Structure-function studies of frataxin: An iron chaperone in the mitochondrial iron-sulfur cluster and heme biosynthetic pathways

Frataxin is a mitochondrial protein that is involved in regulating cellular iron homeostasis. Frataxin has been suggested to serve as an iron chaperone during cellular Fe-S cluster and heme biosynthesis. In humans, decreased amounts or impaired function of frataxin causes the cardio and neurodegenerative disorder Friedreich's Ataxia. Frataxin is highly conserved from prokaryotes to eukaryotes. Though known to regulate mitochondrial iron homeostasis, the cellular function of frataxin has not been completely characterized. The major goal of the research presented in this report has been to characterize the iron binding ability of frataxin and probe its interaction with partners within the heme and Fe-S cluster biosynthetic pathways to identify how frataxin modulates metal delivery.
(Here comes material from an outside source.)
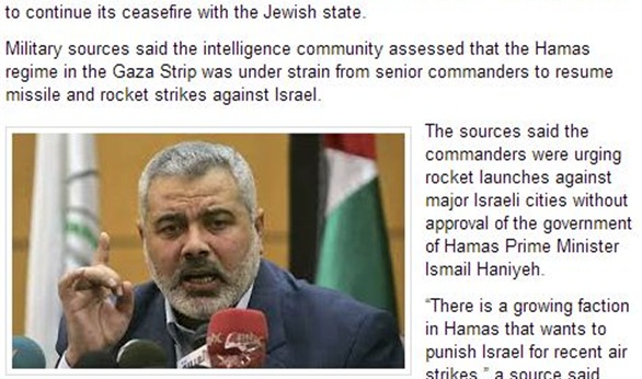 كشفت صحيفة وورلد تريبيون الأمريكية عن وجود تمرد وانشقاقات داخل حركة حماس التي تحكم قطاع غزة، حيث يرفض قادة الجناح العسكري تعليمات اسماعيل هنية وأعضاء المكتب السياسي بوقف إطلاق الصواريخ على إسرائيل.

Research on three orthologs of frataxin (yeast, drosophila and human) is presented in this dissertation.;Yeast frataxin can bind 2 ferrous iron atoms with micromolar binding affinity. A two-site iron-binding model of yeast frataxin was constructed based on the spatial arrangement and conservation of residues identified through iron titration experiments using NMR. Research directed at dissecting the role of individual sites used in metal binding and delivery to frataxin's partner proteins is presented here.;The drosophila model has provided additional insight into the role of frataxin directly within a multicellular eukaryotic organism. A comprehensive characterization of the mature drosophila frataxin's (Dfh) biophysical and metal-binding properties is presented. Furthermore, the protein's ability to transfer Fe(II) to Isu during in vitro Fe-S cluster assembly is also discussed.;The mitochondrial targeting sequence of human frataxin (Hftx) is cleaved in a two-step process. Complications from proteolysis or autodegradation result in an additional, unnatural N-terminal truncation in the mature human frataxin in vitro. Recently the Cowan laboratory at Ohio State University was able to express the full-length protein with a stable N-terminus. Preliminary studies by the Cowan laboratory on the full-length protein indicated that the human protein's N-terminus is structured and modulates the iron binding stoichiometry and the protein's interaction with partners. In this dissertation studies directed at solving the solution structure of the full-length human frataxin are reported.